Jake's recent prodigious review production belies any notion that his inspiration for reading and writing had ceased prematurely - a notion that we at TKR were beginning to fear was the case, after a preternaturally long dry spell. Well, it hasn't, and we were wrong, which is a very good thing, considering the current paucity of gifted writers contributing to this space (yes, consider that a challenge). Herewith, a review of the 2003 Pulitzer Prize-winning novel Middlesex. - RD

Middlesex, by Jeffrey Eugenides, is a story, nay an epic, that escapes the feeble words of this humble reviewer. Its title, at first glance, suggests the well-known storyline of a young hermaphrodite who started life a female, yet finished as a male. But this is not so. Instead, as even the most casual reader will notice, it refers to the family estate just outside Detroit. But why name the house or the book Middlesex?

This vexing question, unfortunately, is not made altogether clear throughout the novel. Instead, it floats throughout the text, sometimes dramatically, beckoning its reader to empyrean musings. My mundane thought, however, is that Middlesex is an icon that exists at the liminal recesses of society. Consider the following. The house is a cross between Suburban utopianism and an F. Lloyd Wright nightmare. Middlesex’s Greek residents were consigned to this monstrosity because they were neither WASPs nor inner city thugs, but were merely trying to escape to a casern from the war-tattered remains of Detroit. Grandma bedrid herself - a linctus waiting to be swallowed by the netherworld as she wallowed through to the end of her life. Most importantly, it is in Middlesex that the protagonist becomes attracted to the female sex, first as a child and later as a teenager, before running away to a brief stint at a freak show burlesque in the Tenderloin district. Middlesex is thus an icon of existence between two worlds and the realization that such cannot be done.

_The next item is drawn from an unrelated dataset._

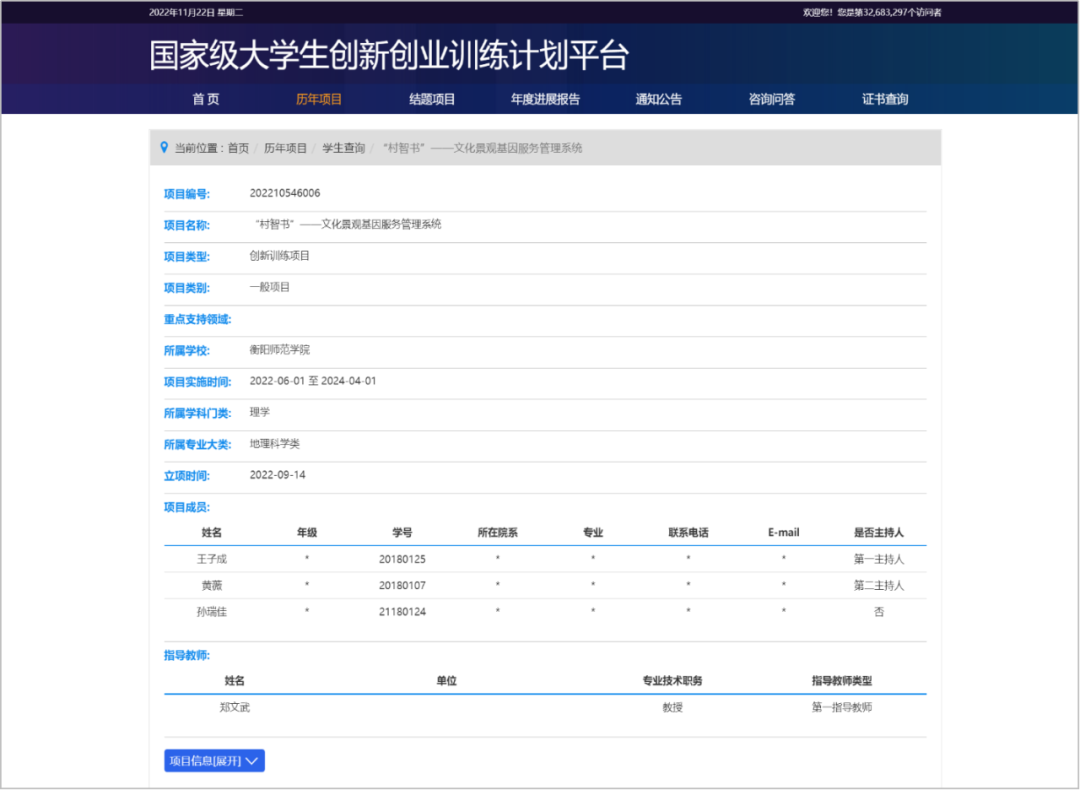 他利用在校所学知识与前期科研成果,在互联网浪潮中看到了产业风口。浪潮勇进,积极整理团队前期成果,团队以“赋活村落,守望乡愁”为主题参加了2022年“互联网+”大学生创新创业大赛青年红色之旅赛道,并获得湖南省二等奖。以此奖励为契机,他牵头团队讨论未来发展方向,并定下了以创业为基石的产学结合的创业道路。同年10月,团队以衡阳市珠晖区智书数字文旅技术服务中心的名称入驻创业园,并在11月获批营业执照,商户主要营业项目为聚落旅游项目开发与APP维护。目前他的团队已拥有成熟的技术路线和营销模式,在以公益项目为背景的前提下稳步前进。

This type of liminal survival, often cast in historical anecdotes concerning the research of Dr. Such-and-Such is interesting when compared to T. Wolfe’s recent satire, I Am Charlotte Simmons. There, Wolfe shows that even the most unconventional students, Adam and Charlotte, eventually succumb to peer pressure by divining the ideals of Dupont. In contrast to this pattern of learned “more mimicking,” sexual identity is deeper – and no matter how long one lives as a sex, there is no mistaking the fact that nurture does not always beat nature. Thus, sexual identity cannot be changed, even within the courtyard at Dupont.

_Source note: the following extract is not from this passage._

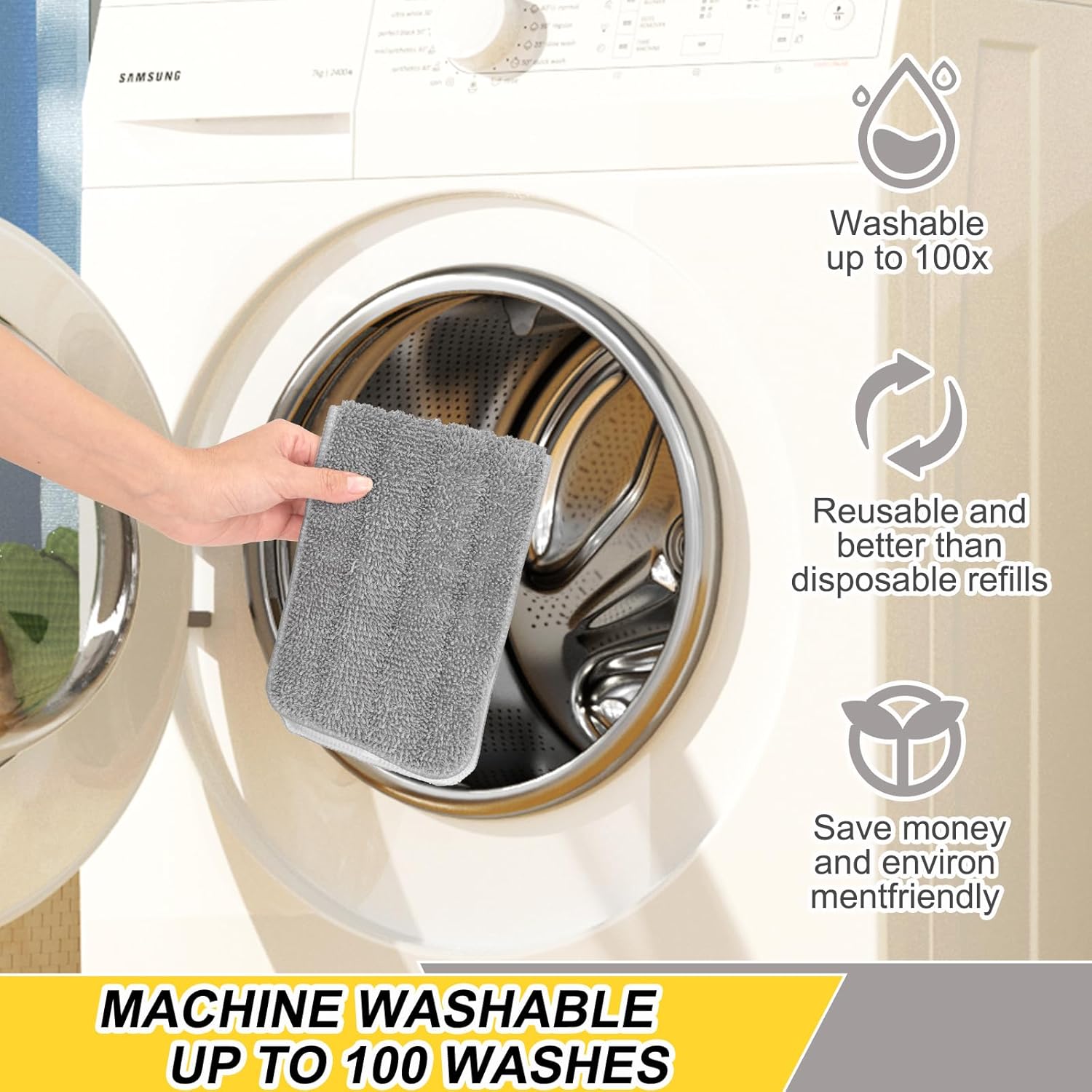 - Superfine Microfiber - Our spray mop heads adopt the high quality microfiber whose decontamination ability is further improved, fully absorb pet fur, hair, debris, dust, oil or other stubborn stain, durable and reusable.

Ensconced within this key theme is an epic vision. The story begins with the protagonist’s grandparents and their amorous introduction as brother and sister before continuing onto the next generation—cousin and cousin—on through the once chalybeate—but now decrepit—streets of Detroit. Throughout the pages, however, the story wafts along at the mercy of random events that in the end suggest kismet: the Turks savagely burn the Greek insurgents alive, impervious to the screams of children and their smoldering flesh; grandpa loses his job at the Ford factory and becomes a bootlegger; the great uncle fakes his death, but resurrects himself as a huckster selling Nation of Islam tripe to despondent and uneducated inner-city black folk; and brother (older) drops out of the University of Michigan, Ann Harbor, at the behest of his obnoxious Marxist girlfriend. These stories and others occur with nimiety, a quality serving to backdrop a larger-than-life epic that encapsulates not only a character, but a family and a nation, all with which we can identify.